Start of INFORMATION SUPPLIED

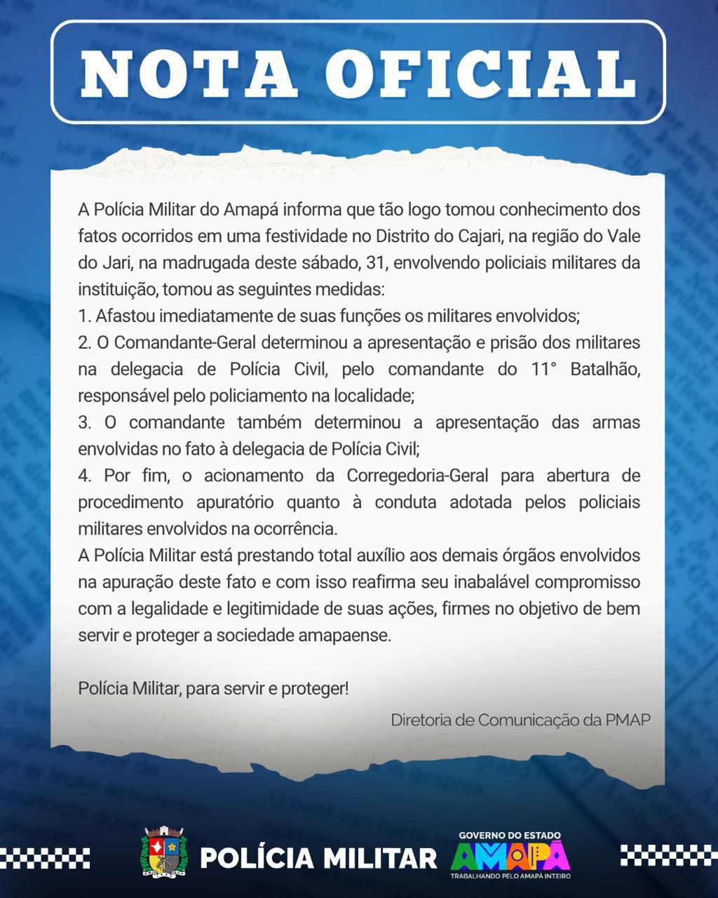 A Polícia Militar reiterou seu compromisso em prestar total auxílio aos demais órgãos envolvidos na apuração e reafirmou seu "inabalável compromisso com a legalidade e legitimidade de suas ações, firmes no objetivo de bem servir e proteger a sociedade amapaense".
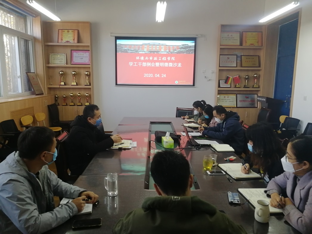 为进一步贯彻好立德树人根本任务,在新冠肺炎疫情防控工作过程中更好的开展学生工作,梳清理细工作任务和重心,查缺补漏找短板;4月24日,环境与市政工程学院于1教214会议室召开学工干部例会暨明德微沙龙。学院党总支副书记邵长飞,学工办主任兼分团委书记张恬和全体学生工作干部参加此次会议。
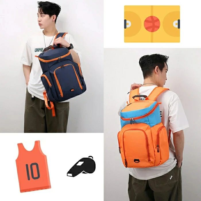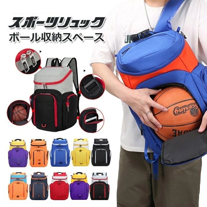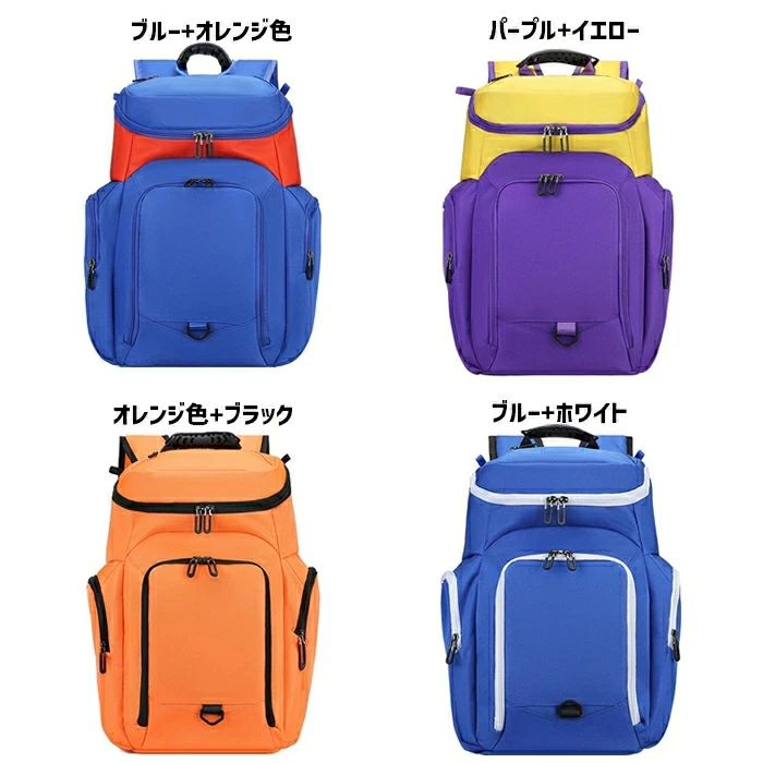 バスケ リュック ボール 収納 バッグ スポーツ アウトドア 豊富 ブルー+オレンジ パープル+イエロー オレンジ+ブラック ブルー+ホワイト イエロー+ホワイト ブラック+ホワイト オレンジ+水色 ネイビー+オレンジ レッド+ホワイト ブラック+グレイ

End of INFORMATION SUPPLIED

* [WORK TASK]:
Your answer must be the full listing, word for word, minus any images.

* [EXERCISE RESPONSE]:
 A Polícia Militar reiterou seu compromisso em prestar total auxílio aos demais órgãos envolvidos na apuração e reafirmou seu "inabalável compromisso com a legalidade e legitimidade de suas ações, firmes no objetivo de bem servir e proteger a sociedade amapaense".
 为进一步贯彻好立德树人根本任务,在新冠肺炎疫情防控工作过程中更好的开展学生工作,梳清理细工作任务和重心,查缺补漏找短板;4月24日,环境与市政工程学院于1教214会议室召开学工干部例会暨明德微沙龙。学院党总支副书记邵长飞,学工办主任兼分团委书记张恬和全体学生工作干部参加此次会议。
 バスケ リュック ボール 収納 バッグ スポーツ アウトドア 豊富 ブルー+オレンジ パープル+イエロー オレンジ+ブラック ブルー+ホワイト イエロー+ホワイト ブラック+ホワイト オレンジ+水色 ネイビー+オレンジ レッド+ホワイト ブラック+グレイ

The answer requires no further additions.